(Source records)
──────────
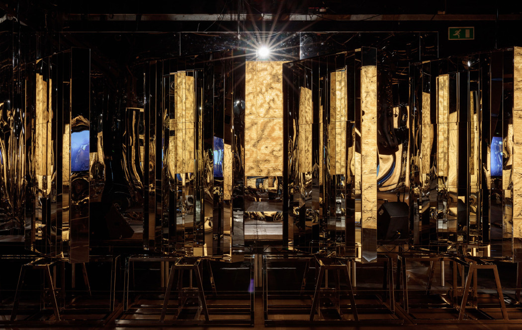 As flashily seductive as a disco-era nightclub set, the installation is open to daytime visitors as an art installation, and will be animated in the evenings by musical performances. Programmed by NTS radio in collaboration with the artist, each show will see two bands negotiate the challenges of playing face to face, separated only by a small audience and a rank of rotating mirrored panels at the front of each stage.
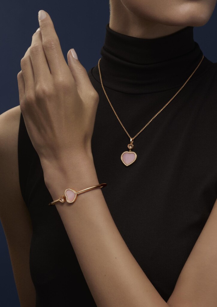 La colección Happy Hearts de la marca Chopard que, desde su lanzamiento en 2009 asocia los diamantes móviles icónicos de la Casa con el corazón, suma una nueva incorporación, el recién nacido corazón de ópalo rosa, que se presenta en un conjunto compuesto por un colgante, una pulsera, un anillo y un par de pendientes.
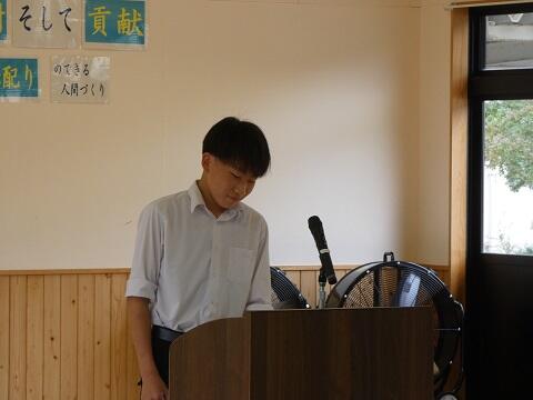 1学期の終業式がありました!各学年の代表から一学期の振り返りを発表してもらいました。一学期で良かったことがある一方で、課題もあるようです。2学期からは1学期の反省を生かして、より充実した夏休みと2学期にしましょう。
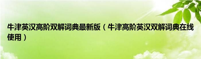 牛津英汉高阶双解词典最新版(牛津高阶英汉双解词典在线使用)
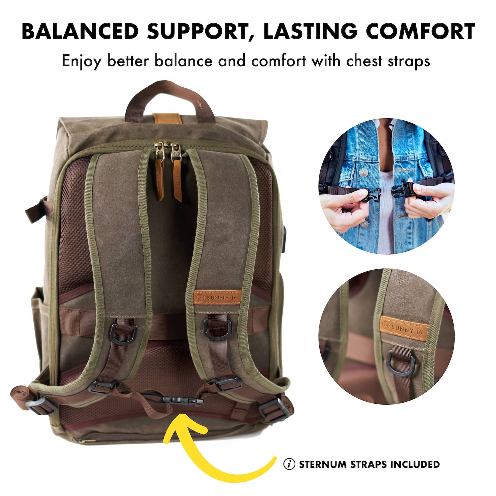The sternum straps adds more balance and support when you've packed your bag to the brim. Just tighten and clip!
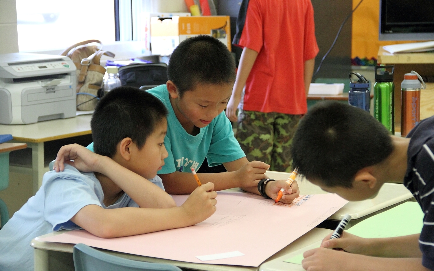 多伦多明慧学校夏令营里,孩子们合作完成项目
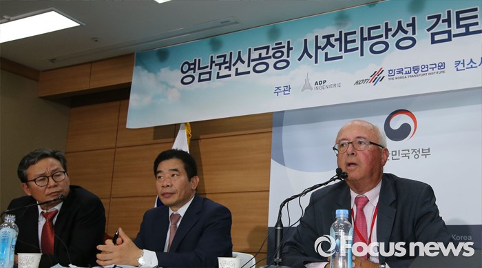 (세종=포커스뉴스) 장 마리 슈발리에 프랑스 파리공항공단자회사 ADPi 수석엔지니어가 21일 오후 세종시 정부세종청사 국토교통부 브리핑실에서 열린 동남권 신공항 타당성 검토 연구 최종 보고회에서 입지선정 결과 발표를 마치고 취재진의 질문에 답변하고 있다. 왼쪽부터 손명수 국토부 공항항행정책관, 서훈택 국토부 항공정책실장, 장 마리 슈발리에 프랑스 파리공항공단자회사 ADPi 수석엔지니어.
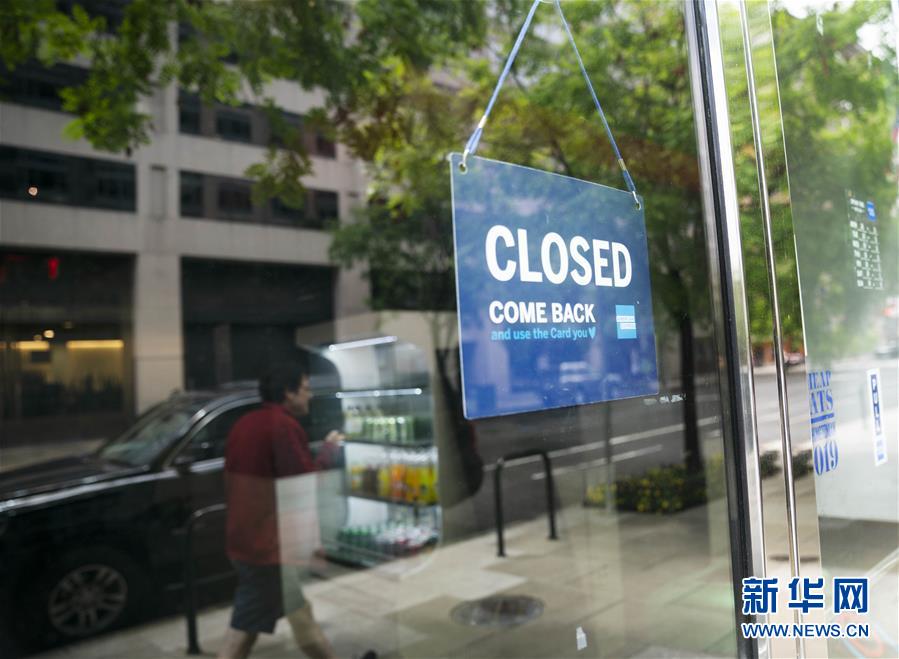 5月6日,在美國首都華盛頓,一家披薩店因新冠疫情暫時關(guān)閉。美國自動數(shù)據(jù)處理公司(ADP)6日公布的數(shù)據(jù)顯示,由于新冠疫情沖擊美國經(jīng)濟(jì)和企業(yè),4月美國私營部門大幅削減約2023.6萬個就業(yè)崗位。新華社記者劉杰攝
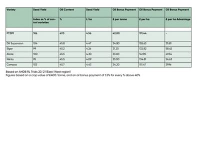 Choose PT299 for the highest oil content of any variety in AHDB RL Trials and superior RLM 7 enhanced stem canker resistance.
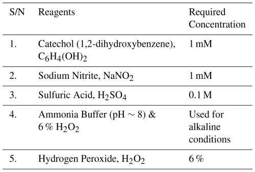 Table 1List of required reagents for the laboratory experiments to study the formation of nitro-aromatic compounds.
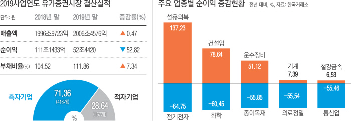 반도체 외에도 전반적으로 국내 업황은 좋지 않았다. 거래소가 분류한 17개 업종 중 절반이 넘는 9개 업종의 당기순이익이 감소했다. 2018년 흑자를 기록했다 지난해 적자로 전환된 상장사는 72곳으로, 적자에서 1년 새 흑자로 전환된 기업 수(49곳)보다 많았다. 지난해 상장사들의 연결부채비율은 111.86%로, 전년보다 7.34%포인트 늘었다.
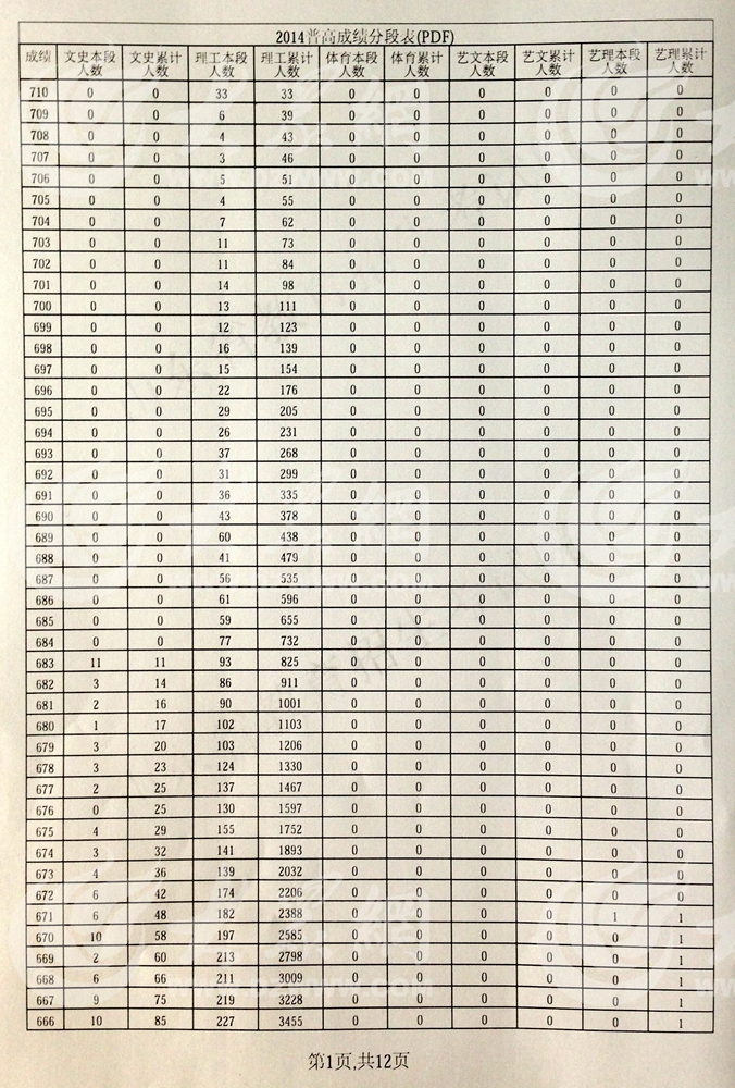 今天,省招考院公布了山東省2014年普通高考成績段表。據統計,2014年山東高考達到一本線的文史類考生有16118人,理工類考生有69844人。文理一共有85962名考生考上了一本線。
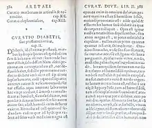 Арете́й из Каппадо́кии (др.-греч. Ἀρεταῖος ὁ Καππαδόκης; вторая половина I века, вероятно, Каппадокия, — первая половина II века, Александрия) — выдающийся древнеримский античный медик и философ, чьи труды сохранились до настоящего времени. Известен в первую очередь трудами по психиатрии, эндокринологии и другим областям медицины: первым обратил внимание на переход меланхолии в манию, что расценивается как первое в истории психиатрии указание на БАР (биполярное аффективное расстройство)[2], описал все известные тогда психические болезни; укоренил в клинике термин «диабет»[3]; первым описал с клинической точки зрения обморок[4][5] и целиакию; дал ценные указания на анатомию, физиологию и клинику паралича.
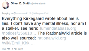 To understand the situation, one has to learn about a certain person named Oliver D. Smith, and a website called Rationalwiki (RW). RW is a snarky version of Wikipedia with looser standards of evidence (often none), and a very heavy left-wing slant. The website looks like Wikipedia, so many people think it is Wikipedia, not realizing that there are many Wiki projects on the internet. Much of the content on RW is quite decent, but the site’s leadership gives free reign to a small group of vicious individuals who basically use the website’s prominent Google position to defame people they dislike. At some point, an individual named Oliver D. Smith started using this site, and creating pages on persons he dislikes. He is quite explicit about this strategy:
──────────
*Exercise objective:* An exact copy of every entry, without pictures, should be your output.

*Exercise answer:*
 As flashily seductive as a disco-era nightclub set, the installation is open to daytime visitors as an art installation, and will be animated in the evenings by musical performances. Programmed by NTS radio in collaboration with the artist, each show will see two bands negotiate the challenges of playing face to face, separated only by a small audience and a rank of rotating mirrored panels at the front of each stage.
 La colección Happy Hearts de la marca Chopard que, desde su lanzamiento en 2009 asocia los diamantes móviles icónicos de la Casa con el corazón, suma una nueva incorporación, el recién nacido corazón de ópalo rosa, que se presenta en un conjunto compuesto por un colgante, una pulsera, un anillo y un par de pendientes.
 1学期の終業式がありました!各学年の代表から一学期の振り返りを発表してもらいました。一学期で良かったことがある一方で、課題もあるようです。2学期からは1学期の反省を生かして、より充実した夏休みと2学期にしましょう。
 牛津英汉高阶双解词典最新版(牛津高阶英汉双解词典在线使用)
The sternum straps adds more balance and support when you've packed your bag to the brim. Just tighten and clip!
 多伦多明慧学校夏令营里,孩子们合作完成项目
 (세종=포커스뉴스) 장 마리 슈발리에 프랑스 파리공항공단자회사 ADPi 수석엔지니어가 21일 오후 세종시 정부세종청사 국토교통부 브리핑실에서 열린 동남권 신공항 타당성 검토 연구 최종 보고회에서 입지선정 결과 발표를 마치고 취재진의 질문에 답변하고 있다. 왼쪽부터 손명수 국토부 공항항행정책관, 서훈택 국토부 항공정책실장, 장 마리 슈발리에 프랑스 파리공항공단자회사 ADPi 수석엔지니어.
 5月6日,在美國首都華盛頓,一家披薩店因新冠疫情暫時關(guān)閉。美國自動數(shù)據(jù)處理公司(ADP)6日公布的數(shù)據(jù)顯示,由于新冠疫情沖擊美國經(jīng)濟(jì)和企業(yè),4月美國私營部門大幅削減約2023.6萬個就業(yè)崗位。新華社記者劉杰攝
 Choose PT299 for the highest oil content of any variety in AHDB RL Trials and superior RLM 7 enhanced stem canker resistance.
 Table 1List of required reagents for the laboratory experiments to study the formation of nitro-aromatic compounds.
 반도체 외에도 전반적으로 국내 업황은 좋지 않았다. 거래소가 분류한 17개 업종 중 절반이 넘는 9개 업종의 당기순이익이 감소했다. 2018년 흑자를 기록했다 지난해 적자로 전환된 상장사는 72곳으로, 적자에서 1년 새 흑자로 전환된 기업 수(49곳)보다 많았다. 지난해 상장사들의 연결부채비율은 111.86%로, 전년보다 7.34%포인트 늘었다.
 今天,省招考院公布了山東省2014年普通高考成績段表。據統計,2014年山東高考達到一本線的文史類考生有16118人,理工類考生有69844人。文理一共有85962名考生考上了一本線。
 Арете́й из Каппадо́кии (др.-греч. Ἀρεταῖος ὁ Καππαδόκης; вторая половина I века, вероятно, Каппадокия, — первая половина II века, Александрия) — выдающийся древнеримский античный медик и философ, чьи труды сохранились до настоящего времени. Известен в первую очередь трудами по психиатрии, эндокринологии и другим областям медицины: первым обратил внимание на переход меланхолии в манию, что расценивается как первое в истории психиатрии указание на БАР (биполярное аффективное расстройство)[2], описал все известные тогда психические болезни; укоренил в клинике термин «диабет»[3]; первым описал с клинической точки зрения обморок[4][5] и целиакию; дал ценные указания на анатомию, физиологию и клинику паралича.
 To understand the situation, one has to learn about a certain person named Oliver D. Smith, and a website called Rationalwiki (RW). RW is a snarky version of Wikipedia with looser standards of evidence (often none), and a very heavy left-wing slant. The website looks like Wikipedia, so many people think it is Wikipedia, not realizing that there are many Wiki projects on the internet. Much of the content on RW is quite decent, but the site’s leadership gives free reign to a small group of vicious individuals who basically use the website’s prominent Google position to defame people they dislike. At some point, an individual named Oliver D. Smith started using this site, and creating pages on persons he dislikes. He is quite explicit about this strategy:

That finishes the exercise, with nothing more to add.